La vida de Catalina había estado
llena de golpes.
Los golpes que en sus primeros
años de vida le habían dado su madre y sobre todo su abuela Bernarda para
corregirla cuando no se comportaba como correspondía a una señorita educada.
Los golpes que en la plaza le
daban los niños de su barrio. Cuando preguntaba en casa le decían que “eso es
lo que te hacen los niños cuando les gustas. Deberías sentirte halagada”. Ella
solo se sentía dolorida.
Los golpes con los que una panda
de hombres la empujaron hacia un callejón oscuro cuando tenía solo dieciséis
años.
Los golpes con los que un chico,
vestido con camisa blanca y con su pelo moreno escrupulosamente peinado con
raya al lado, espantó a la panda de maleantes poniéndola a salvo como un
príncipe de cuento.
Los golpes que el asiento de la
Vespa Primavera T3 de 75cc, en la que montaba como una amazona, le daba al
correr por los caminos de tierra y los campos donde se escapaba a despeinar
aquella raya perfecta y morena. Dentro de lo que para una mujer se consideraba decente.
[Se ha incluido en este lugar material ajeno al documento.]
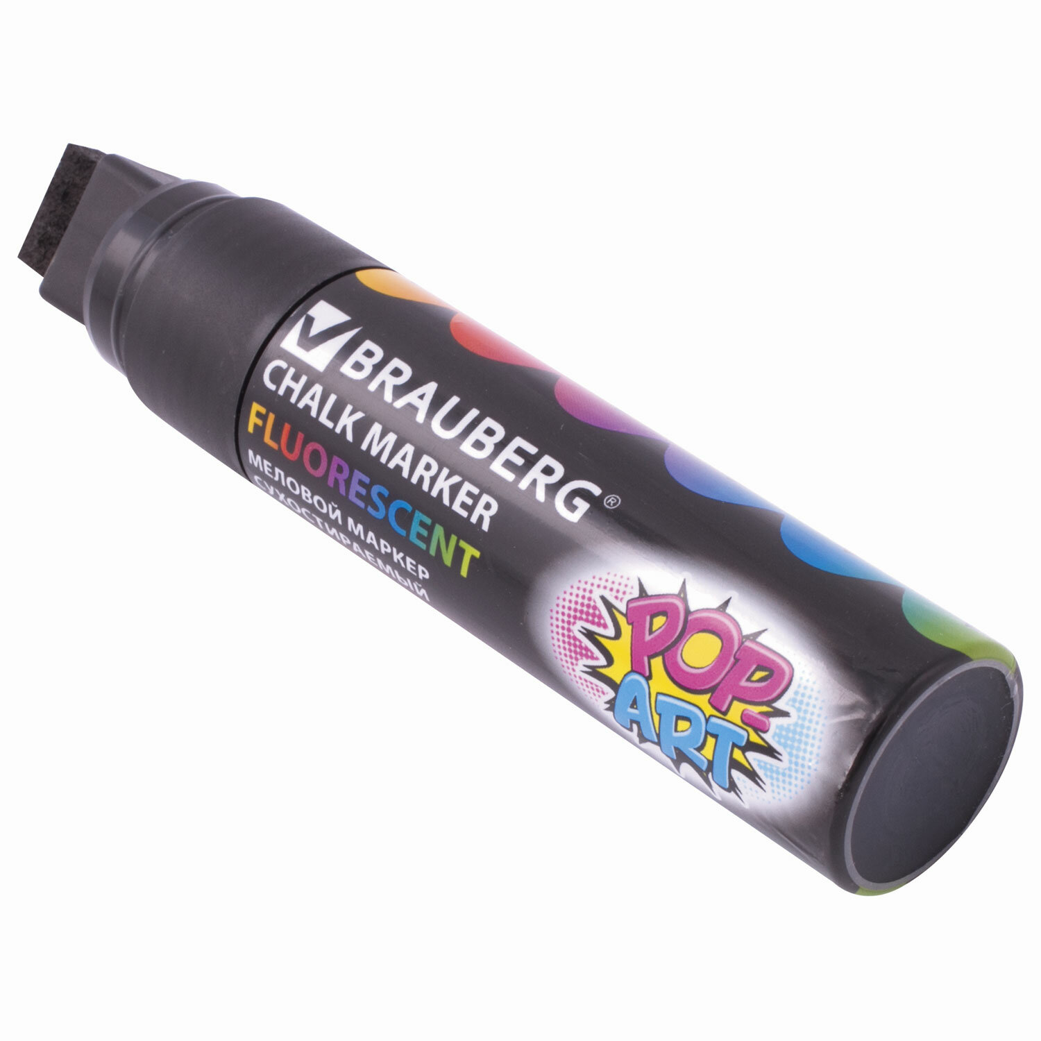 Маркер меловой "POP-ART" ЧЕРНЫЙ, 15 мм, стираемый, для гладких поверхностей, BRAUBERG, 151544
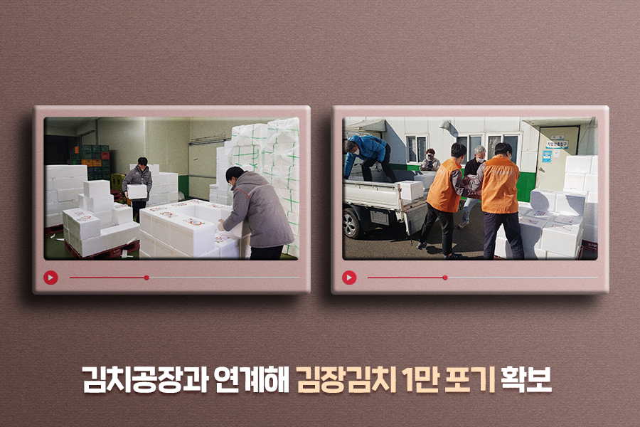 매년 진행해오던 행사였지만, 2020년 코로나 팬데믹 이후로는 함께 모여서 김장을 담그는 행사를 개최하기가 어려워졌는데요. 그래서 이후로는 김치공장과 연계해 김장김치를 확보하고 지역사회 곳곳에 전달하는 방식으로 변화되어 진행하고 있습니다.
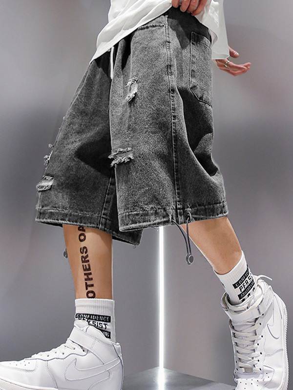 Men’s Wash Distressed Skate Denim Shorts
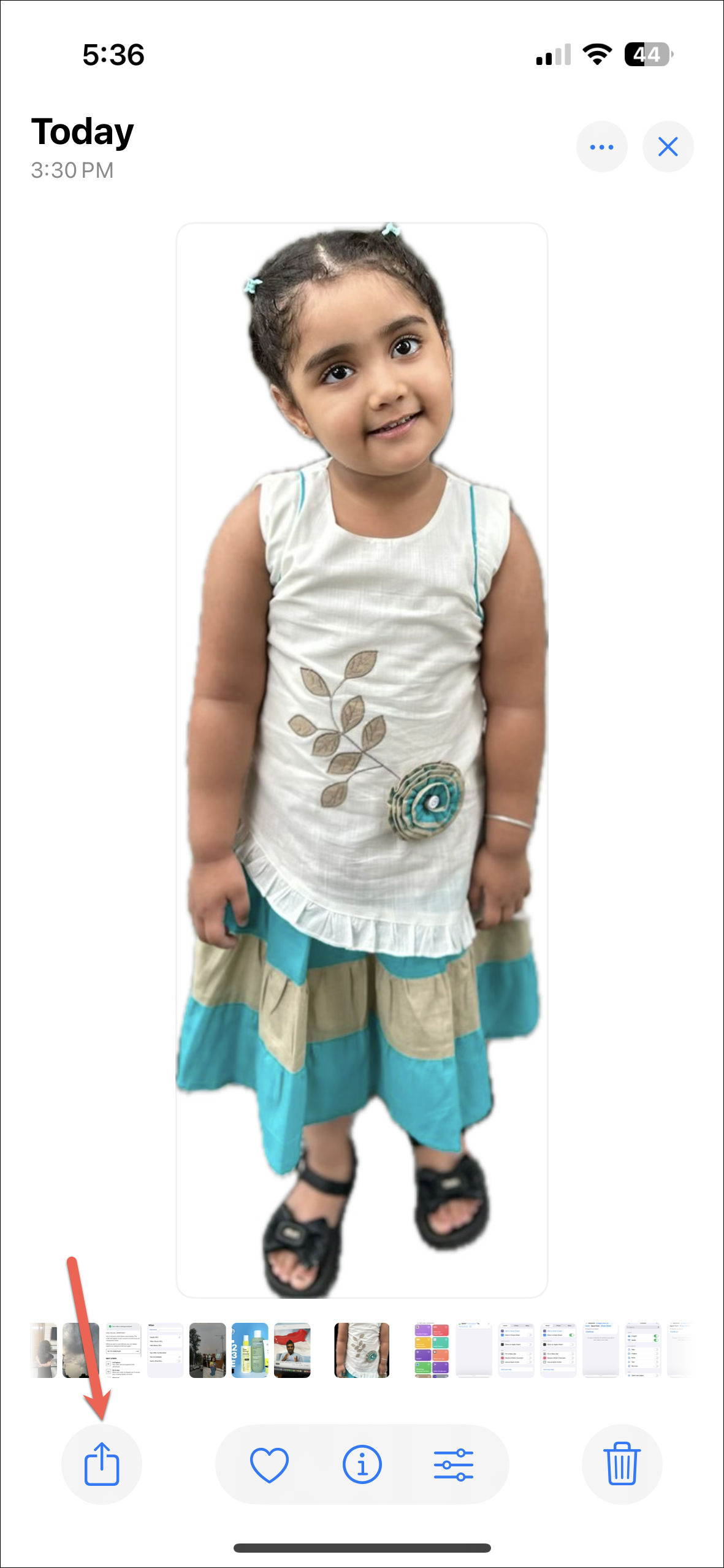 - Go to the 'Photos' app, open any photo, and tap on the 'Share' icon.
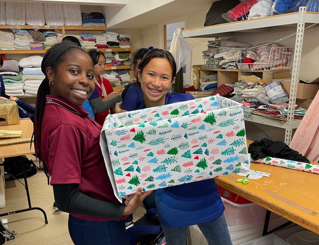 Girls pictured above are helping prepare for Christmas at de Paul House.

Los golpes que daba su padre
sobre el cristal de la mesa del salón, con sus dedos gordos y callosos,
mientras se rascaba la papada, planteándose si aquel chico moreno era lo
bastante bueno para su Catalina.
Los golpes que se dio en el
cogote contra el cabecero de la cama en su noche de bodas cuando su marido
recién estrenado la estrenó a ella también, dejándola flotando en su nube de
amor ebrio por la pasión y el champagne de convite.
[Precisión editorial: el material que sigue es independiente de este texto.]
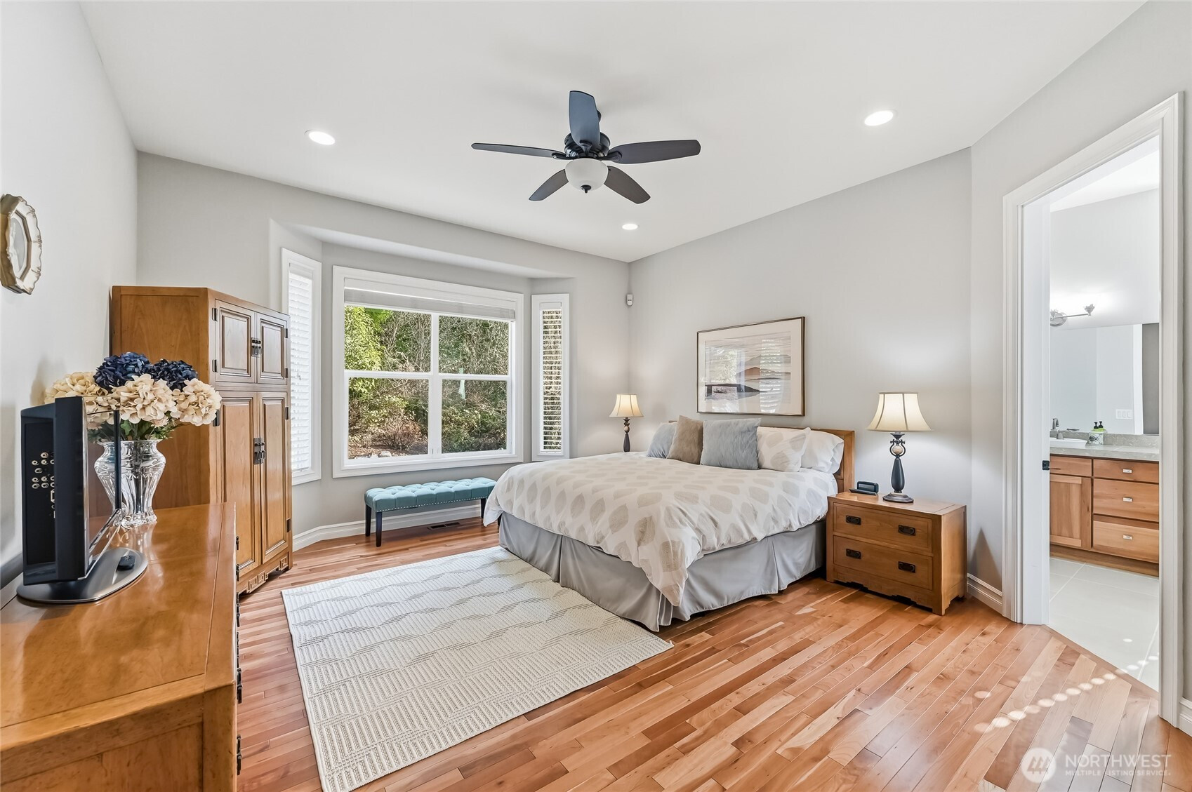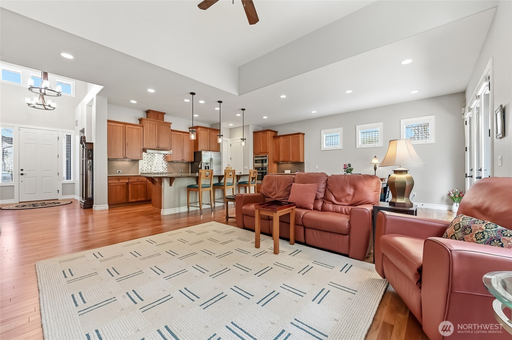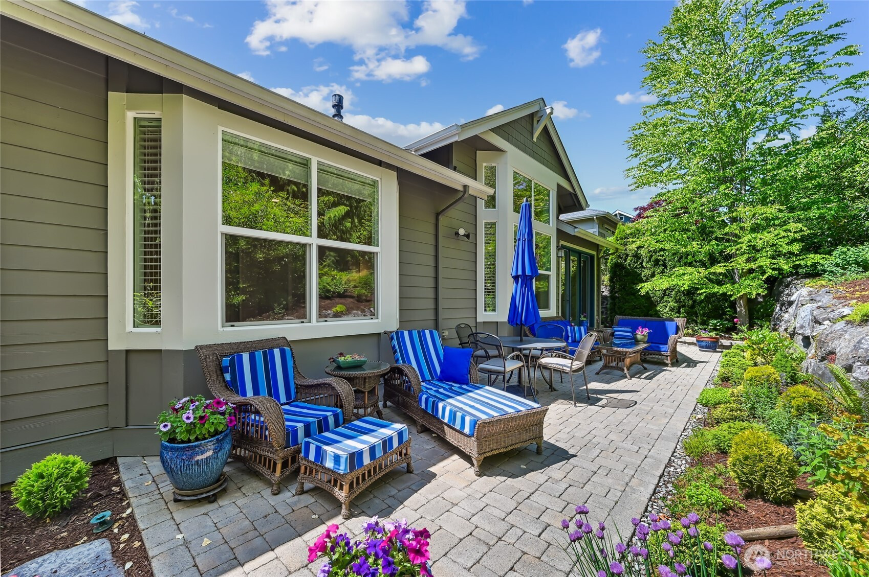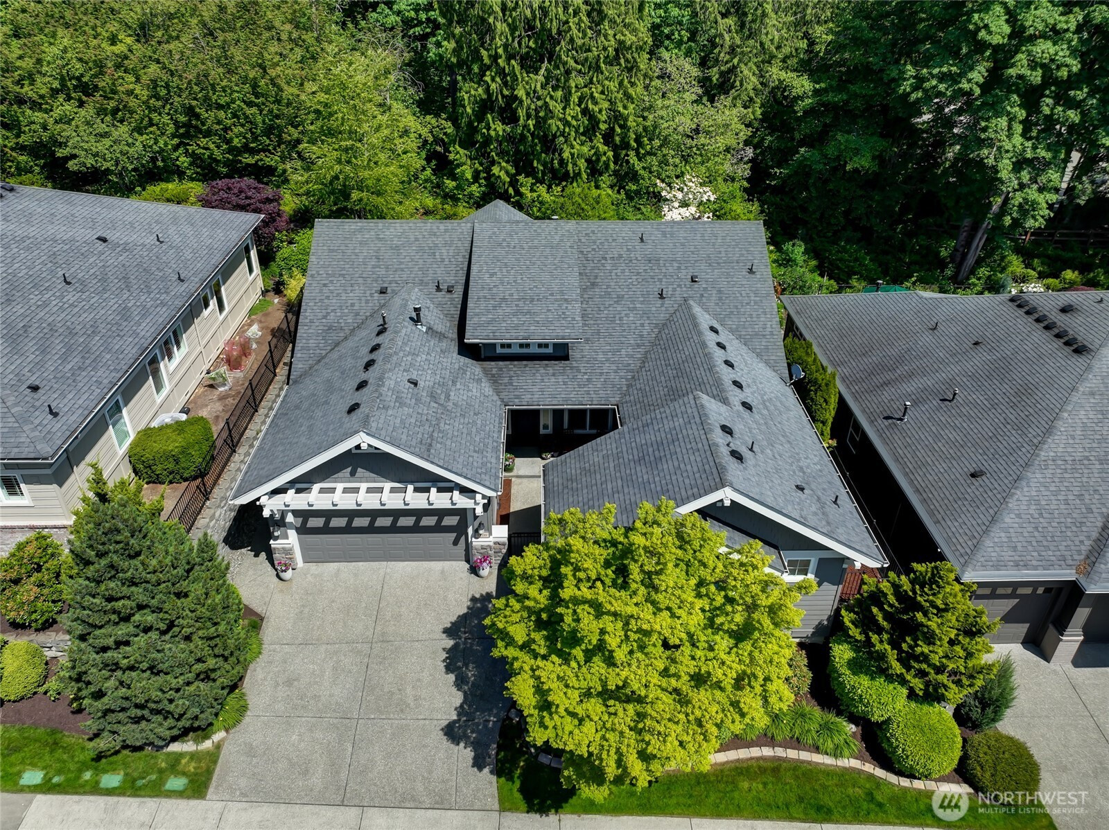 Welcome to easy living in this 1-level, Hemlock plan home offering 2 bedrooms, 2.5 baths and a den. The large paver patio is a fantastic outdoor living space surrounded by nature and a wonderful place to entertain. Cherry hardwoods thru-out the home, no carpet. Kitchen w/42” cherry cabinets with pull-out shelves in the lowers, designer lighting, slab granite counters & custom backsplash. Great room w/gas fireplace and walls of windows. The primary bedroom has a beautifully tiled 5-piece bathroom, dual walk-in closets and looks out to the private backyard. The second bedroom is also en-suite. Large office with glass French doors and a powder room for day guests. Golf cart garage for your sports car, storage or hobbies. New furnace & A/C in 2022, oven & micro in 2021, fridge 2020. Ext paint 2019. Sprinkler system in the front,Low HOA dues of $347/mo include access to the clubhouse, front yard & front sprinkler maintenance. One occupant must be age 55 or older and no permanent occupant under age 18.
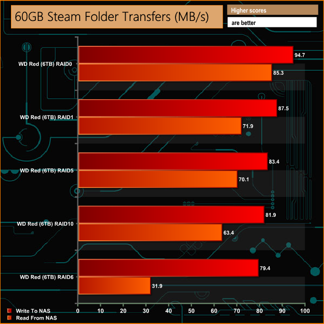With the 50GB file folder transfer, the read performance in RAID 5 is strong at 53MB/s with all the other arrays struggling to get close to that read figure.
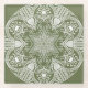 This white mandala sits on a dark moss or olive green background. The colours are harmonious and balanced. Part of the Howlsplann Mandala Collection.
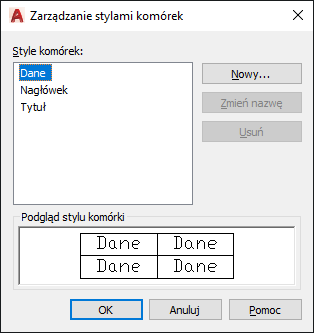 Wyświetla listę wszystkich stylów komórek zawartych w bieżącym stylu tabeli. Style komórek Tytuł, Nagłówek i Dane są zawsze zawarte w każdym stylu tabeli.
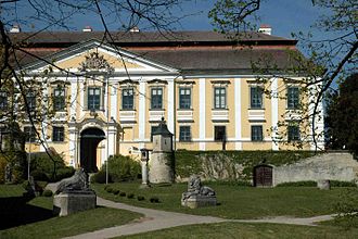 Hauptfassade des Sütraktes und übergiebeltes Portal von Schloss Gobelsburg

Los golpes de su hijo dentro de
ella. Los demás los llamaban pataditas. Ella los sentía caricias.
Los golpes que su marido les daba
a las paredes, a los marcos de las puertas, a los bonitos muebles que había
heredado de la casa de su madre, cuando tuvo que cerrar su negocio, el sueño de
su vida.
Los golpes que ese mismo hombre
se daba a las cinco de la mañana un día entre semana, tratando de encontrar la
cama a través de la patina etílica que cubría sus ojos como unas malas
cataratas.
Los golpes que la dejaron muda de
sorpresa cuando los sintió sobre su piel por primera vez. Un temblor sordo que
la recorrió desde la mejilla donde empezaba hasta el cerebro, incapaz de
procesarlo. Incapaz de asimilar su origen. No podía haber sido él.
Los golpes que empezaron a ser
rutina, que cada día la acosaban cada vez por un motivo.
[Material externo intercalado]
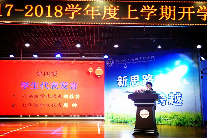 9月2日下午三点,优米娱乐app初中部开学典礼在二楼礼堂隆重举行。学校黄校长、学部从红主任、德育刘明刚主任、初中部全体师生及家长参加了此次典礼。担任本次典礼主持人的分别是九(1)班黄竣炜、八(1)班胡溪宇、八(1)班龚浩宇、八(2)班王书宁四位同学。
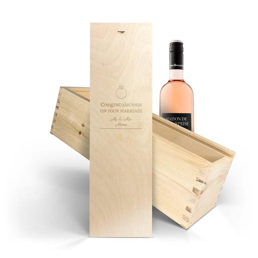 Ulteriori informazioni sulla lussuosa cassa del vino: Personalizzazione: con nome o testo Posizionamento della personalizzazione: sul coperchio della custodia in legno Incisione: incisione laser di alta qualità Dimensioni della cassa: 36,5 x 12 x 11 cm Dimensioni del coperchio: 35,6 x 10,2 x 0,3 cm Il legno è certificato FSC Ulteriori informazioni sul vino: Nome: Maison de la Surprise SyrahPaese: Francia Colore: Rosè Uva: 100% SyrahCaratteristiche: Corposo e bilanciato. SaporeAromi di bacche rosse, rinfrescante e dal sapore pieno.AbbinamentoQuesto vino è perfetto come vino da tutto pasto.
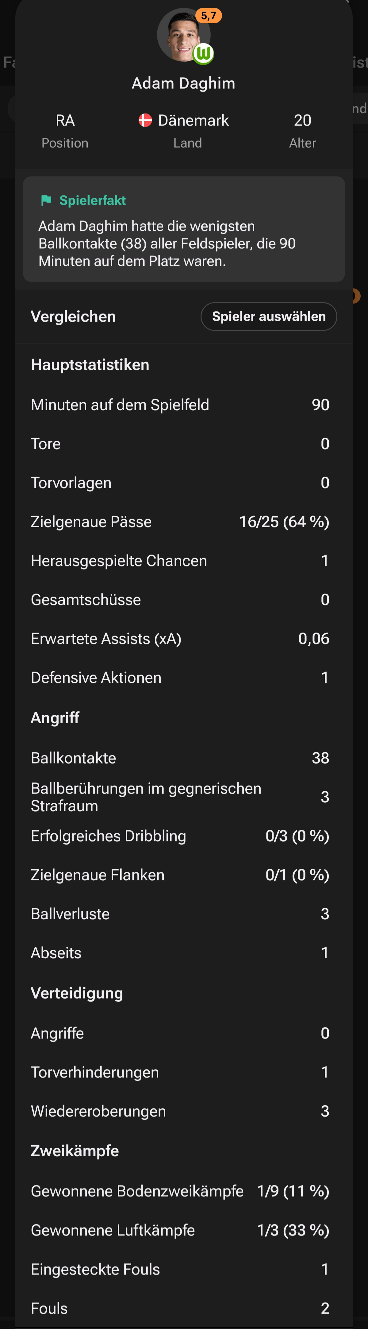 chrischinger86 Daghim am 1:0 von Wolfsburg mit beteiligt, seinen Mitspieler hat er einfach auf rechts im Vollsprint fast über den Haufen gerannt und dann doch überholt.

Los golpes porque le habían dado
el puesto a otro.
Los golpes porque su hijo tenía
la casa desordenada.
Los golpes porque había mirado a
otro como no debía.
Los golpes porque la vida era
dura.
Los golpes porque la comida
estaba sosa.
Los golpes porque “Por favor
cariño hoy no. Lo siento de verdad. Perdona. Por favor.” dicho entre sollozos
no era una respuesta válida a una erección.
Los golpes que sonaban
atronadores en sus oídos cada vez que pulsaba una de las tres teclas que le abrían
las puertas a la salvación. A abandonar el miedo. Cero (Retumbar) Uno (Congoja)
Seis (Por favor).
Los golpes que no alcanzaban a
aterrizar en su carne cuando los agentes se lo llevaban agarrado de los hombros
mientras le gritaba y la amenazaba con acabar con su vida.
Los golpes que cada noche sentía
en su pecho mientras miraba a la puerta aterrada, temiendo verla abrirse y
entrar por ella al objeto de sus pesadillas blandiendo un brillo acerado hacia
ella y su hijo.
Los golpes. Los gloriosos golpes
que le parecieron irreales. Que retumbaron por toda la sala cuando el mazo del
juez impactó contra la mesa, dictando sentencia.
Los golpes suaves y
reconfortantes de su familia al salir por la puerta del juzgado, felicitándola
por el inicio de su nueva vida, por ser de las que se salvan y no un numero mas
en el triste contador que era portada en los diarios de vez en cuando.